In the world of data mining and analyses, there is a special set of mining methods and algorithms related to data in graphs. Graph is mathematical construct which contains vertices (nodes) and edges between them. Edge connects a pair of vertices and can be directed or undirected. As a data structure, graph is used in various extensions of this simple model. One of them is the “property graph model”, which allows vertices and edges to be uniquely identified, labeled (with one or more labels), and contain a set of key-value properties. There are a number of NoSQL graph databases which employ this data model.

Graph analyses provide measures and algorithms that help find some information which is otherwise very hard to find (i.e. using relational model or a data warehouse). Some examples: find most important people (in a social network of a kind), most important pages (on a web site or collection of sites), most important servers (in a network); decide who/what needs best protection (from flu, cyber-attacks, ..); find fake profiles and reviews on the web; cut costs (the traveling salesman problem) etc. Some of these measures are centrality measures (e.g. betweenness, closeness) or locality measures (e.g. indegree, outdegree). Also, there is a bunch of algorithms which are aimed towards identifying frequent patterns or subgraphs in a graph, or identifying interesting subgraphs or anomalies in a graph as well.

So, when I have a collection of data in my favorite relational database, how can I make use of all those graph algorithms? There are several possibilities, such as implementing the algorithms inside a relational database, but my answer to this is to perform an ETL (extract-transform-load) process in order to extract the data from the relational database and create a graph database from it. Then I can perform whatever analysis I want on this separate graph OLAP system. To do that, I defined a relational-to-graph ETL process which follows a set of 10 rules. These rules define the way the rows and their attributes (with regard to primary and foreign keys) are transformed to vertices, edges and their properties. I will not go into the details of these rules here, but if interested, please go to slides 30-40 of my IIUG2017 presentation (available here) to find explained rules with examples.

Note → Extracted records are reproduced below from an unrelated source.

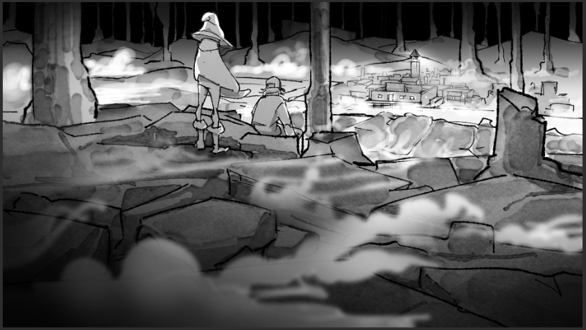 A collection of concept art pieces featuring imaginative and detailed scenes from various settings and environments.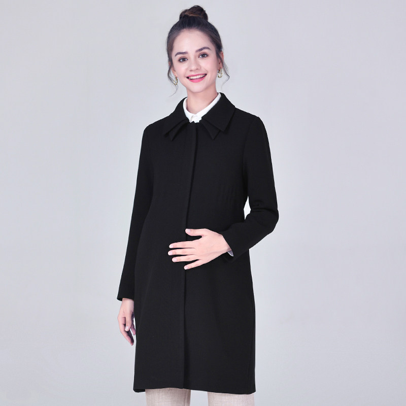 Pregnancy Woman Dress Spring Fall Pregnant Woman Coats Woman Medium Long Version Thickened Black Windjersey Career Interview For Work Overalls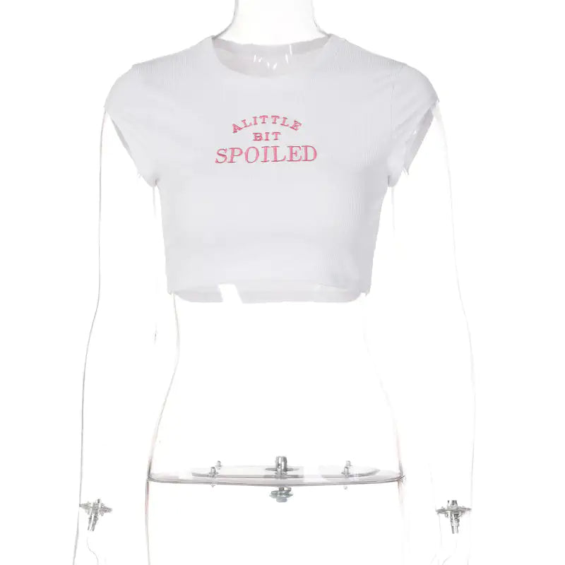 Show Off Your Sassy Side with "A Little Bit Spoiled" Ribbed Crop T-Shirt
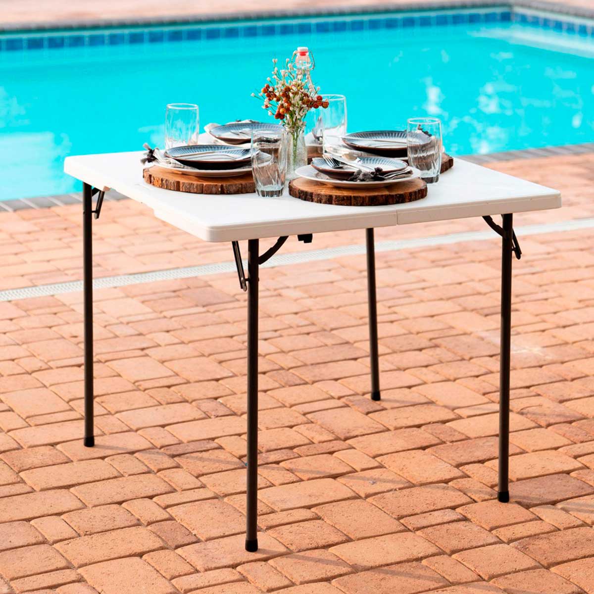 La mesa plegable de la marca Lifetime está indicada para ayudarte a organizar comidas en el jardín, camping, terraza o en el interior del hogar. Nos encontramos ante una mesa fabricada en polietileno de alta densidad de 38 mm y con una estructura de tubos de acero de 22 mm con revestimiento antióxido. Su forma es cuadrada y cuenta con una protección de UV, lo que la hace perfecta para exteriores. Además, podrás plegarla en segundos y llevarla contigo gracias a su asa de transporte. La mesa tiene una capacidad de 4 personas y cuenta con un sistema de anclaje en las patas para darle una mayor estabilidad y seguridad. Podrás usarla para una infinidad de acciones, desde comer hasta como soporte para cocinar o jugar a juegos de mesa. ¡No te pierdas esta fantástica mesa plegable de la marca Lifetime!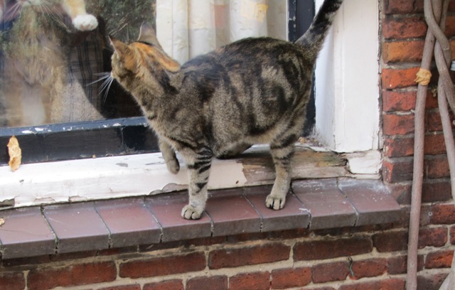 Nou, dat was even schrikken voor Cera, want terwijl zij bezig was Luna te bespieden (die in haar huis voor het raam zat), kwam net het mens van Luna naar het venster toegelopen en tilde Luna op. Helaas kregen wij geen tijd om de kwaaie kop van de - eveneens geschrokken - oude dame te fotograferen, maar zien op bijgaand plaatje nog net haar snorharen, 1 voorpoot en....... haar buikje! En Cera? Wel, die stond al helemaal klaar om een lel uit te delen (voor het geval en desnoods dwars door het glas heen), maar kreeg onverwacht de gelegenheid een blik te werpen op dit o zo intieme deel van Luna, en kan zich waarschijnlijk nu de enige haarfabriek noemen die ooit van zó dichtbij de complete buik van Luna mocht aanschouwen! Toen wij haar echter later naar deze ervaring vroegen, mompelde ze iets over "vieze ramen" en maakte ons duidelijk dat zij deze gebeurtenis geheim wenst te houden en dus met niemand wenst te delen. Wij verzoeken u derhalve om dit hele bericht zo spoedig mogelijk te vergeten en vooral aan niemand door te vertellen. Luna hebben wij niet meer gesproken, maar we vermoeden dat zij het helemaal eens zal zijn met dit verzoek.
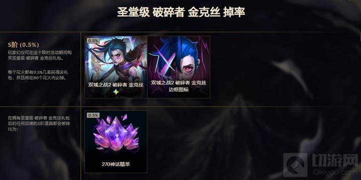 圣堂级破碎者金克丝礼包:该礼包为本次活动的唯一S阶道具。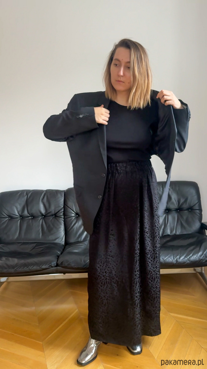 Długość maxi oraz elastyczna guma w pasie sprawiają, że spódnica dopasowuje się do sylwetki i jest komfortowa w noszeniu. To projekt balansujący między klasyką a subtelną drapieżnością.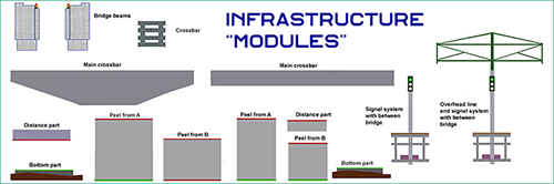 On the left is a sketch showing the elements included in a modular design of the construction components for high-speed tracks for high-speed trains.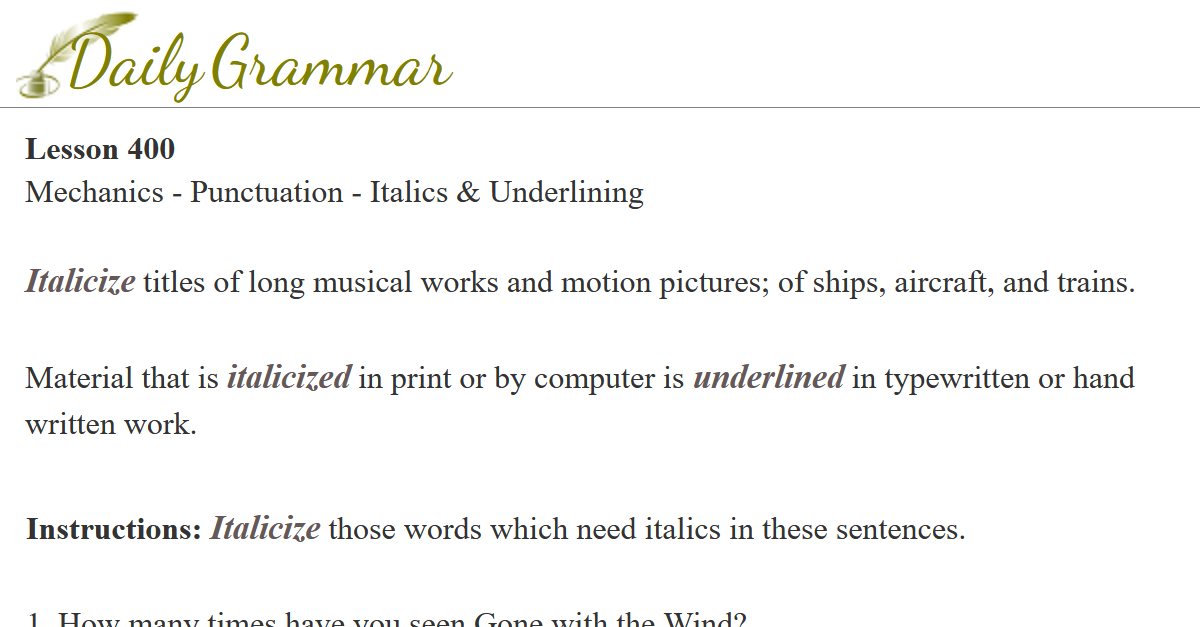 Mechanics - Punctuation - Italics & Underlining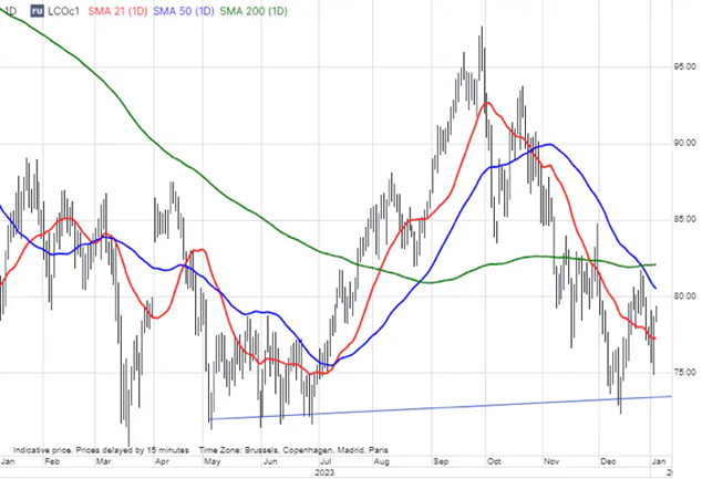 „Obchodníci sa na jednej strane zameriavajú na obavy o globálny hospodársky rast (najmä v Číne a USA) a stúpajúcu produkciu zo strany nečlenov OPEC+, na druhej strane sledujú škrty zo strany krajín patriacich do OPEC+ a tiež geopolitické riziká. Tie súvisia najmä s vývojom v Červenom mori a jeho okolí, kde útoky pirátov na komerčné lode nútia prepravcov presmerovať náklad, čo zvyšuje náklady a tiež trvanie ich transportu,“ vysvetľuje komoditný stratég Saxo Bank Olen Hansen. Okrem toho môžeme podľa neho sledovať aj pokles rizikového apetítu v súlade so zmenami v očakávanom tempe znižovania úrokových sadzieb v USA.
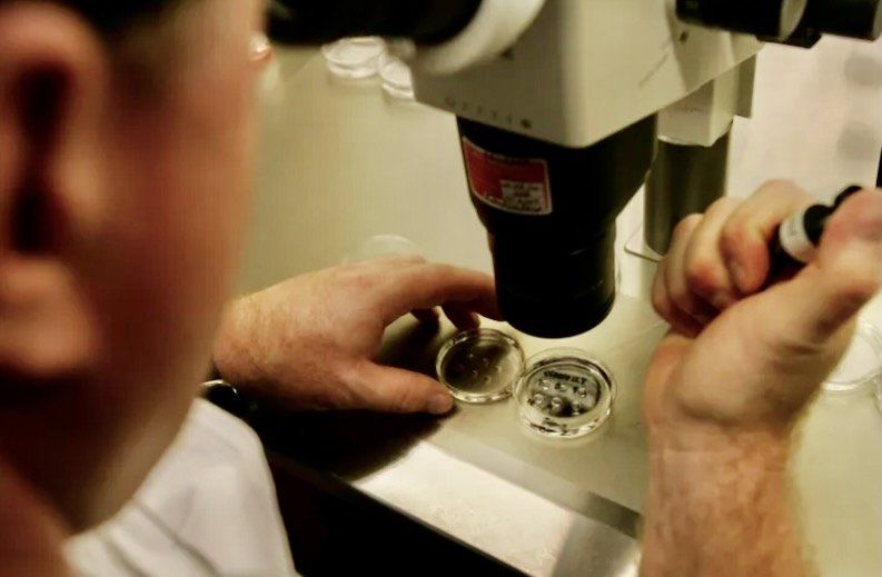 An embryologist examines a dish with human embryos under a microscope (Sandy Huffaker/AFP)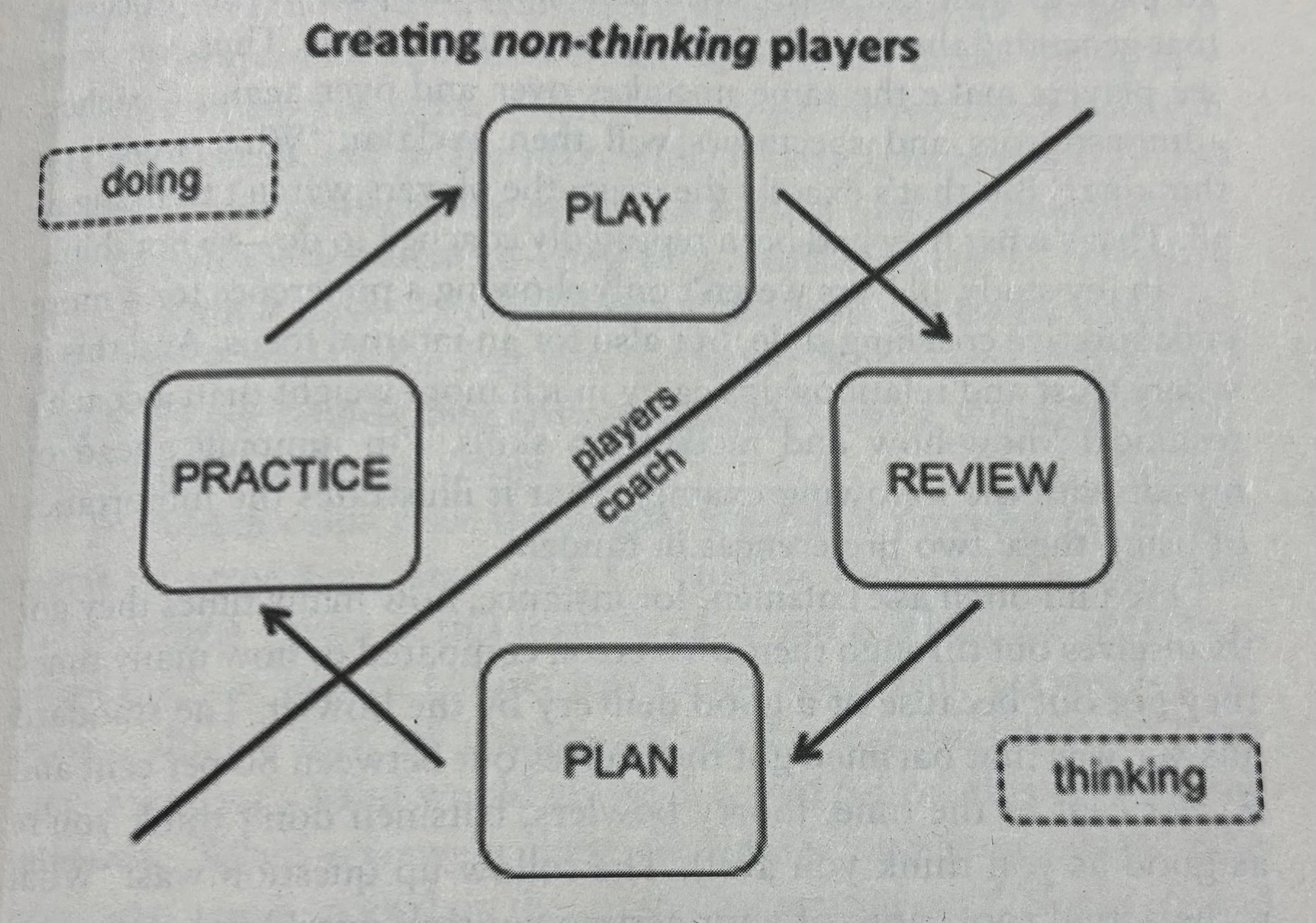 Mentioned in Upton's thesis on 'In order to have "thinking players" who can make in the moment/ on the field decisions and adjust their game plans, players, would have to be actively involved in the reflection, analysis and planning and not have it simply imposed on them by the coach.'

Is there any code? Of course there is :). I implemented the process as a series of stored procedures and a view, which need to be created in a relational database you want to extract the data from. After the calls:

execute procedure create_conversion_statements('~\my_working_dir');
execute procedure create_conversion_scripts('~\my_working_dir');

several scripts are created in the specified directory. One script is an SQL unload-transform script, which need to be executed in the same relational database to create a bunch of data files (one per table). Other files are Cypher scripts (Cypher is an open language used by several graph database systems, like Neo4j). These scripts can be executed in a graph database of your choice in order to create and populate it with the exported data. Once the data is in the database, you can start exploring it using Cypher or some of the graph algorithms.

All the code is open-sourced on GitHub, available here, under my ifmx-utils project.

The examples and more info can also be found in the IIUG presentation.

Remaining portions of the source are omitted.